Rzecznik Watykanu o abp Paetzu: nie można mowić o rehabilitacji

Rzecznik Watykanu o abp Paetzu: nie można mowić o rehabilitacji

Dodano:   /  Zmieniono: 
Rzecznik Watykanu ksiądz Federico Lombardi oświadczył w sobotę, że nie zdjęto restrykcji, nałożonych na arcybiskupa Juliusza Paetza, zdymisjonowanego 8 lat temu w związku z zarzutami molestowania seksualnego seminarzystów.
Wyjaśnił, że udzielono zgody arcybiskupowi Paetzowi na przewodniczenie tylko jednej uroczystości. "Kryteria i restrykcje, ustalone w 2002 roku i do tej pory przestrzegane, nie zostaną zmienione" - powiedział ks.
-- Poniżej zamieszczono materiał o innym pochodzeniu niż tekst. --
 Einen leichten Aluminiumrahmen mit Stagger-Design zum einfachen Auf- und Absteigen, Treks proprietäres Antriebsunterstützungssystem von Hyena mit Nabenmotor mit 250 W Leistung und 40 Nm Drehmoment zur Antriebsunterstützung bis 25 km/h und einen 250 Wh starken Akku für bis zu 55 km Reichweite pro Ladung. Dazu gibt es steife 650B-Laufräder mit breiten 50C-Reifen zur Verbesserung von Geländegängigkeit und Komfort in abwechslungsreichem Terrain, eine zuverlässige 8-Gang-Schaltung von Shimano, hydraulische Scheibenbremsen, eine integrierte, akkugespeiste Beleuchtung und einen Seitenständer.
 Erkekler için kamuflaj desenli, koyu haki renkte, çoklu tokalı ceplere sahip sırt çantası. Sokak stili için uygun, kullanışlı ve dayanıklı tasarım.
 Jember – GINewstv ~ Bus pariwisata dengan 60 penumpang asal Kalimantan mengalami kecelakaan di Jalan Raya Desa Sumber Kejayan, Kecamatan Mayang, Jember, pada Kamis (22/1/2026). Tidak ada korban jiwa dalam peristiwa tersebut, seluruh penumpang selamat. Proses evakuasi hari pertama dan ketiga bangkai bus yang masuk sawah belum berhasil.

Lombardi, cytowany przez agencję ANSA.

"Bezpodstawne jest mówienie w tym przypadku o rehabilitacji" - dodał. Tak odniósł się do rozgłosu, jaki nadano sprawie byłego metropolity poznańskiego we włoskich mediach. Za polską prasą informowały one o tym, że Watykan cofnął wydany arcybiskupowi Paetzowi zakaz publicznego odprawiania liturgii i udzielania sakramentów na terenie archidiecezji poznańskiej.
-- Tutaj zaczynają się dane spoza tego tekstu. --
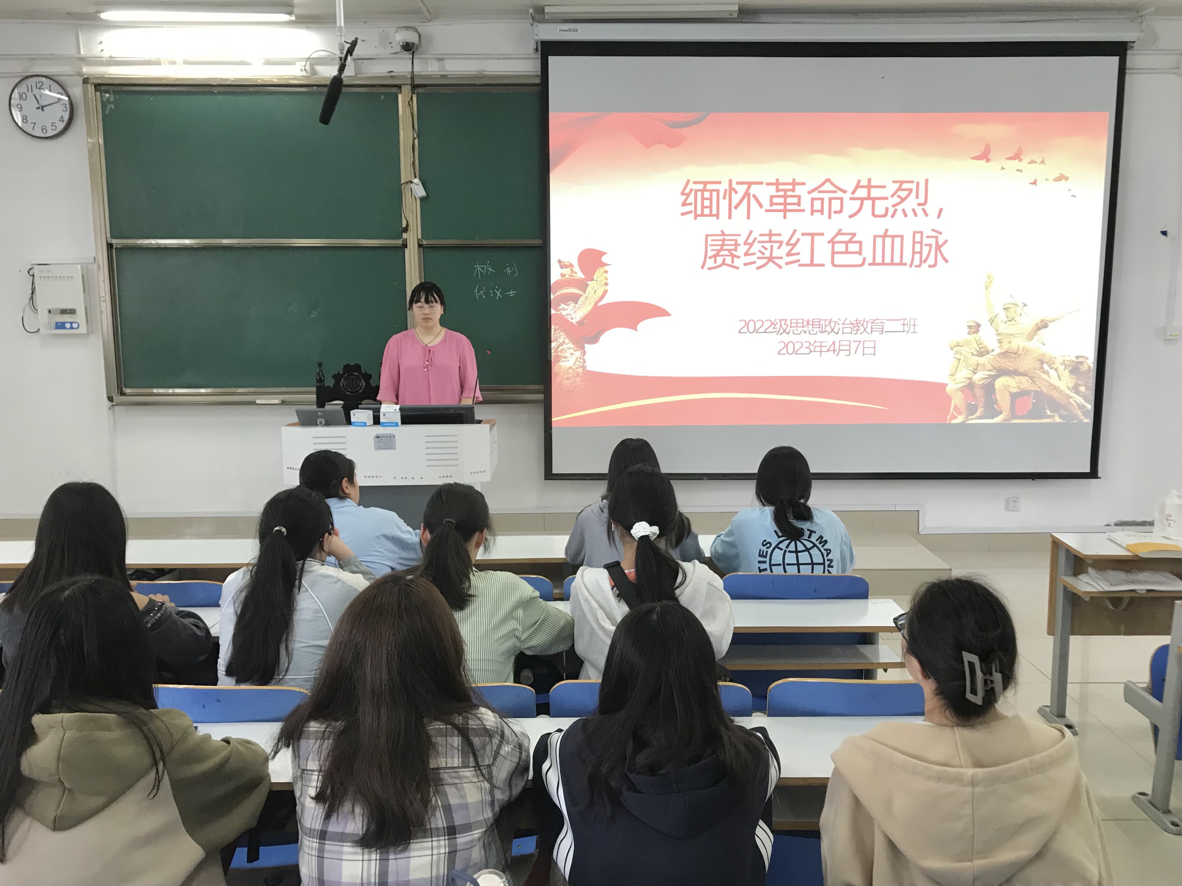 4月7日上午,WilliamHILL中国2022级思想政治教育二班在社科楼514教室召开“缅怀革命先烈,赓续红色血脉”主题团课,2022级思想政治教育二班全体同学共同参加。团课由团支书李佳音主持。

Ksiądz Lombardi wytłumaczył, że przedmiotem korespondencji z Watykanem była sprawa udzielenia zgody na przewodniczenie uroczystości liturgicznej na zaproszenie jednego z proboszczów. W sytuacji, w jakiej jest arcybiskup Paetz, wymagało to zgody Stolicy Apostolskiej. I takiej zgody w tym konkretnym przypadku udzielono - stwierdził następnie rzecznik Watykanu w rozmowie z polskimi dziennikarzami. Położył nacisk na to, że ten jednorazowy przypadek potwierdza, że takie restrykcje wciąż obowiązują.

Watykański rzecznik podkreślił, że całkowicie bezpodstawne są również doniesienia o tym, jakoby obecny metropolita poznański arcybiskup Stanisław Gądecki zrezygnował z urzędu lub rozważał taką możliwość.
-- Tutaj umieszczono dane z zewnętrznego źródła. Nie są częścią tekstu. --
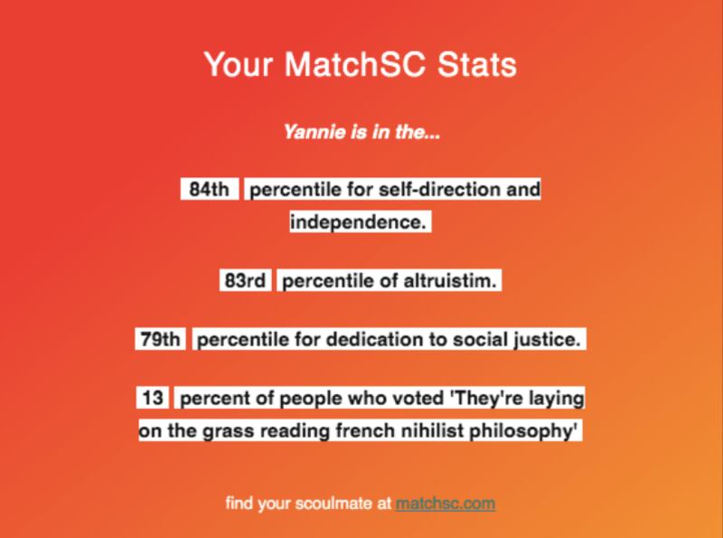So what can we expect from MatchSC in the future? Considering how the service was inspired by the Stanford Marriage Pact and Harvard’s Data Match dating programs, MatchSC will likely only happen once a semester or year, if it happens again at all. As a result, expect to bond with your match or matches, if you were lucky enough to receive two.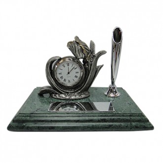 The green marble is unique color in the world. There is beauty flower twisting with sliver clock. It’s also have chrome classic pen holder and black ball pen on the marble. It’s also have chrome plate on it. The size for the plate is 2cm x 7cm can be print the logo you need.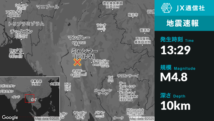 4月11日 13:29頃、ビルマ(ミャンマー)のMeiktilaから東北東14kmの地点でM4.8の地震がありました。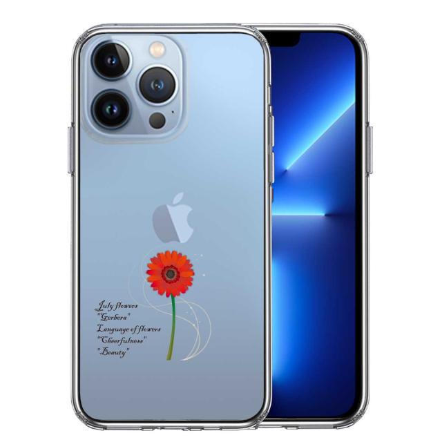 iPhone13Pro ケース クリア一輪花 7月 ガーベラ スマホケース 側面ソフト 背面ハード ハイブリッド 送料無料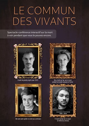 Le Commun Des Vivants est une conférence à but informatif sur la mort et la fin de vie. Mais c'est aussi un spectacle où les scènes jouées seront inspirées par le public.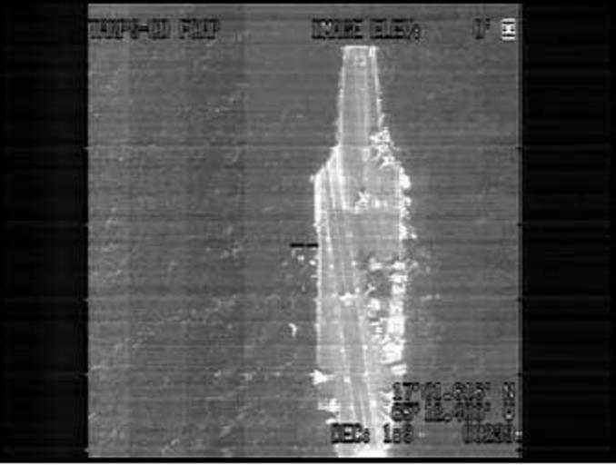 Keywords: F-CAP from F14 of USS Harry Truman.jpg en FIGURE 5 F-CAP image of the USS Harry S Truman captured from the F-14 cockpit video display and transmitted via the FTI system Fast Tactical Imagery FTI low-bandwidth 10 kbps radio link US Naval Research Lab http //www nrl navy mil/research/nrl-review/2003/information-technology/lee/ see figure 5 F14 pilot 2002 General views of USS Harry S Truman CVN-75 PD-USGov-Military-Navy |

W 2002 roku dziennik "Rzeczpospolita" w tekście "Grzech w Pałacu Arcybiskupim" napisał, że abp Paetz molestował seksualnie kleryków i księży. Według dziennika, o skłonnościach homoseksualnych hierarchy wiadomo było wtedy od co najmniej dwóch lat. Metropolita ustąpił ze stanowiska, ale pozostał w Poznaniu jako biskup senior. Nigdy nie potwierdził stawianych mu zarzutów. Żaden z rzekomo pokrzywdzonych kleryków nie złożył zawiadomienia w sprawie molestowania, więc sprawa nie była badana też przez prokuraturę.